**AIM OF THE TASK**
When you return the data, keep each character exactly as it appears.

Source records
++++++++++++++++++++

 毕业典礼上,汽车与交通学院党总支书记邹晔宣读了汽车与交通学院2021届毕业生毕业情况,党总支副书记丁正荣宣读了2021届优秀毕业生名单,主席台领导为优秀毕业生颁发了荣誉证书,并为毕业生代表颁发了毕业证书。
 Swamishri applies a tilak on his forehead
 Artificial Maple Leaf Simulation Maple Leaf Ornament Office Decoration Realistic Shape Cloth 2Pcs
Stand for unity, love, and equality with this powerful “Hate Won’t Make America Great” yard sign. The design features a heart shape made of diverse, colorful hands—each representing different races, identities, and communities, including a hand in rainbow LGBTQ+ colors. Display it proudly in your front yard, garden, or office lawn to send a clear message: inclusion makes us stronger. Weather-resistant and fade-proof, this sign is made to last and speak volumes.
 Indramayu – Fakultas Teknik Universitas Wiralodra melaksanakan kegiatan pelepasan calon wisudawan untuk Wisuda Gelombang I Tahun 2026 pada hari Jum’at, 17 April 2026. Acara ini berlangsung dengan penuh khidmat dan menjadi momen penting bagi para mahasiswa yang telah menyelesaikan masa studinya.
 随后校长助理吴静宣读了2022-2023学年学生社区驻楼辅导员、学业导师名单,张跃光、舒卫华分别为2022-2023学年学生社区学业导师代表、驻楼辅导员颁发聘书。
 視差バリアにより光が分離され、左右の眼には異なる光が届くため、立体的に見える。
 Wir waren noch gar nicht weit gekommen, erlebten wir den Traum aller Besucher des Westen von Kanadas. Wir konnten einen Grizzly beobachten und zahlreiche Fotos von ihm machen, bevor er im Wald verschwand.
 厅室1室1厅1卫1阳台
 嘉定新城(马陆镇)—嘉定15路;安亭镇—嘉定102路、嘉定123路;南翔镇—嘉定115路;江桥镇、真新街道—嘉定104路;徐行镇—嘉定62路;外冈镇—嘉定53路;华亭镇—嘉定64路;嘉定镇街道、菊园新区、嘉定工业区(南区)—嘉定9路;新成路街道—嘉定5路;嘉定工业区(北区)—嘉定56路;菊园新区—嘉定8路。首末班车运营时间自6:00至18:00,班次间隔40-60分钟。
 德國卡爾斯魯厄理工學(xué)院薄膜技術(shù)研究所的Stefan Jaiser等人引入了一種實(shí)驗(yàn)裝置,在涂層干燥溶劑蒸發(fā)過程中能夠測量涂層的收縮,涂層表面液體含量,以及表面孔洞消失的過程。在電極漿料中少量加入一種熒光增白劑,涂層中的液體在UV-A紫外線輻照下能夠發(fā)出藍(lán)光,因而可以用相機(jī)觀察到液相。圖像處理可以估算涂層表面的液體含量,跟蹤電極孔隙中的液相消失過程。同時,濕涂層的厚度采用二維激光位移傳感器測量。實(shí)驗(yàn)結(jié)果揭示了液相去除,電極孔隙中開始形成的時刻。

++++++++++++++++++++

**RESULT OF THE EXERCISE**
 毕业典礼上,汽车与交通学院党总支书记邹晔宣读了汽车与交通学院2021届毕业生毕业情况,党总支副书记丁正荣宣读了2021届优秀毕业生名单,主席台领导为优秀毕业生颁发了荣誉证书,并为毕业生代表颁发了毕业证书。
 Swamishri applies a tilak on his forehead
 Artificial Maple Leaf Simulation Maple Leaf Ornament Office Decoration Realistic Shape Cloth 2Pcs
Stand for unity, love, and equality with this powerful “Hate Won’t Make America Great” yard sign. The design features a heart shape made of diverse, colorful hands—each representing different races, identities, and communities, including a hand in rainbow LGBTQ+ colors. Display it proudly in your front yard, garden, or office lawn to send a clear message: inclusion makes us stronger. Weather-resistant and fade-proof, this sign is made to last and speak volumes.
 Indramayu – Fakultas Teknik Universitas Wiralodra melaksanakan kegiatan pelepasan calon wisudawan untuk Wisuda Gelombang I Tahun 2026 pada hari Jum’at, 17 April 2026. Acara ini berlangsung dengan penuh khidmat dan menjadi momen penting bagi para mahasiswa yang telah menyelesaikan masa studinya.
 随后校长助理吴静宣读了2022-2023学年学生社区驻楼辅导员、学业导师名单,张跃光、舒卫华分别为2022-2023学年学生社区学业导师代表、驻楼辅导员颁发聘书。
 視差バリアにより光が分離され、左右の眼には異なる光が届くため、立体的に見える。
 Wir waren noch gar nicht weit gekommen, erlebten wir den Traum aller Besucher des Westen von Kanadas. Wir konnten einen Grizzly beobachten und zahlreiche Fotos von ihm machen, bevor er im Wald verschwand.
 厅室1室1厅1卫1阳台
 嘉定新城(马陆镇)—嘉定15路;安亭镇—嘉定102路、嘉定123路;南翔镇—嘉定115路;江桥镇、真新街道—嘉定104路;徐行镇—嘉定62路;外冈镇—嘉定53路;华亭镇—嘉定64路;嘉定镇街道、菊园新区、嘉定工业区(南区)—嘉定9路;新成路街道—嘉定5路;嘉定工业区(北区)—嘉定56路;菊园新区—嘉定8路。首末班车运营时间自6:00至18:00,班次间隔40-60分钟。
 德國卡爾斯魯厄理工學(xué)院薄膜技術(shù)研究所的Stefan Jaiser等人引入了一種實(shí)驗(yàn)裝置,在涂層干燥溶劑蒸發(fā)過程中能夠測量涂層的收縮,涂層表面液體含量,以及表面孔洞消失的過程。在電極漿料中少量加入一種熒光增白劑,涂層中的液體在UV-A紫外線輻照下能夠發(fā)出藍(lán)光,因而可以用相機(jī)觀察到液相。圖像處理可以估算涂層表面的液體含量,跟蹤電極孔隙中的液相消失過程。同時,濕涂層的厚度采用二維激光位移傳感器測量。實(shí)驗(yàn)結(jié)果揭示了液相去除,電極孔隙中開始形成的時刻。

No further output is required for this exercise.